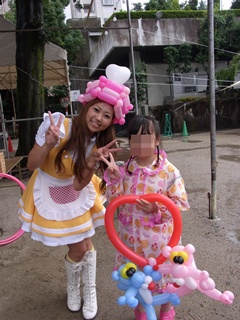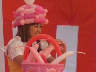 すごく乙女ちっくに座って、バルーンを作っていく、まさに萌えもえ~
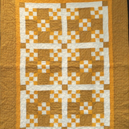 Sunflowers- the smaller 9- patch blocks were from Shirley Heier when she downsized her home. Shirley always felt that it was important to donate to Camp Carol Joy Holling. I set the blocks together with fabric from my stash. The sunflower backing fabric sets off this cheerful quilt. Sadly, Shirley passed before I finished this quilt. I am sure she would have been pleased to know her blocks went to the camp.
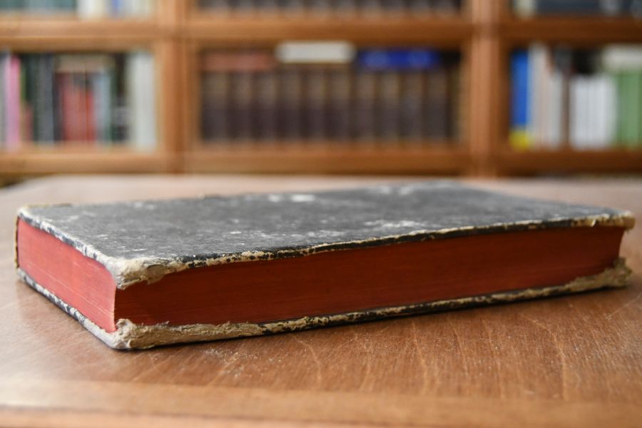 Format 22 x 14 cm, Pappband der Zeit mit 2 Rückenschilden und umlaufendem Rotschnitt
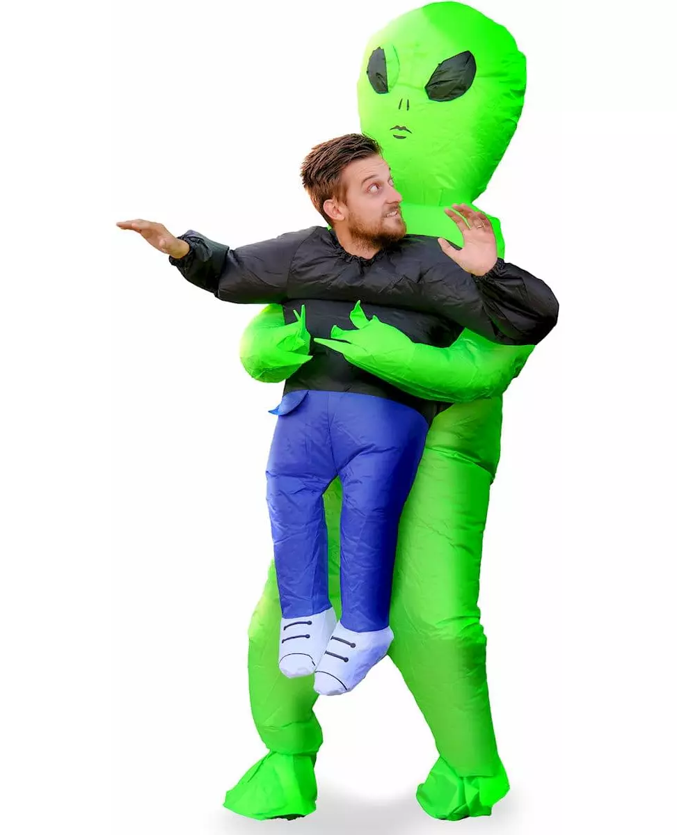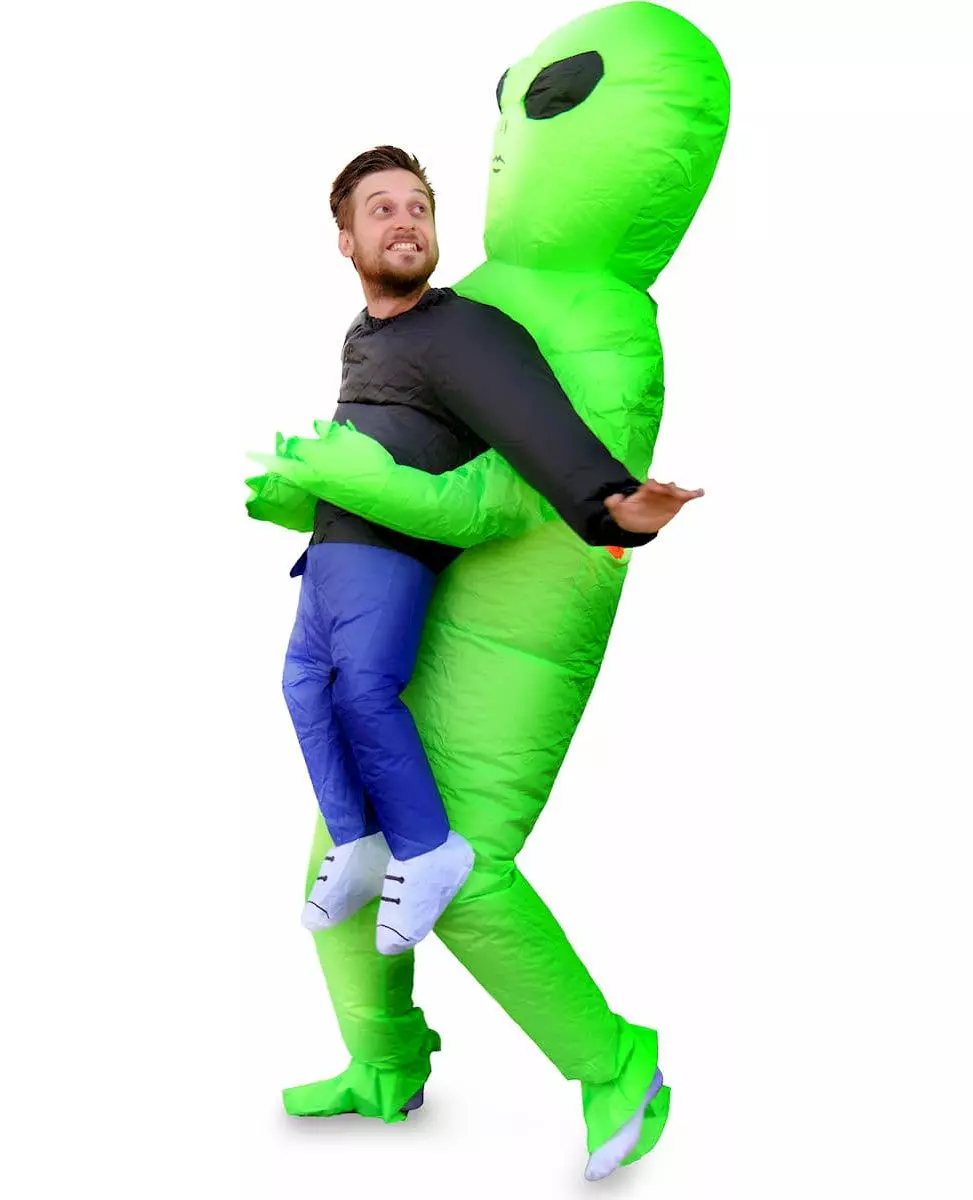 Et fantastisk møte! Dette oppblåsbare kostymet er for voksne og består av et kostyme og en oppblåser. Dette påkledde kostymet vil gi inntrykk av at du blir båret av en romvesen. Den utenomjordiske er grønn i fargen og har store, svarte øyne. Alt du trenger å gjøre er å slå på oppblåseren for at kostymet skal ta form. Ta på deg dette originale oppblåsbare kostymet for å gjøre et plask på karnevalet eller Halloween-festen din!. Inkludert tilbehør: Kostymeoppblåser Materiale: 100 % polyester Vedlikehold: Håndvask

__TASK STATEMENT__.
Using the data above, transcribe exactly the lines between those containing "Sunflowers- the smaller" and "Format 22 x", inclusive, and leave every picture behind.

__COMPLETED EXERCISE__.
 Sunflowers- the smaller 9- patch blocks were from Shirley Heier when she downsized her home. Shirley always felt that it was important to donate to Camp Carol Joy Holling. I set the blocks together with fabric from my stash. The sunflower backing fabric sets off this cheerful quilt. Sadly, Shirley passed before I finished this quilt. I am sure she would have been pleased to know her blocks went to the camp.
 Format 22 x 14 cm, Pappband der Zeit mit 2 Rückenschilden und umlaufendem Rotschnitt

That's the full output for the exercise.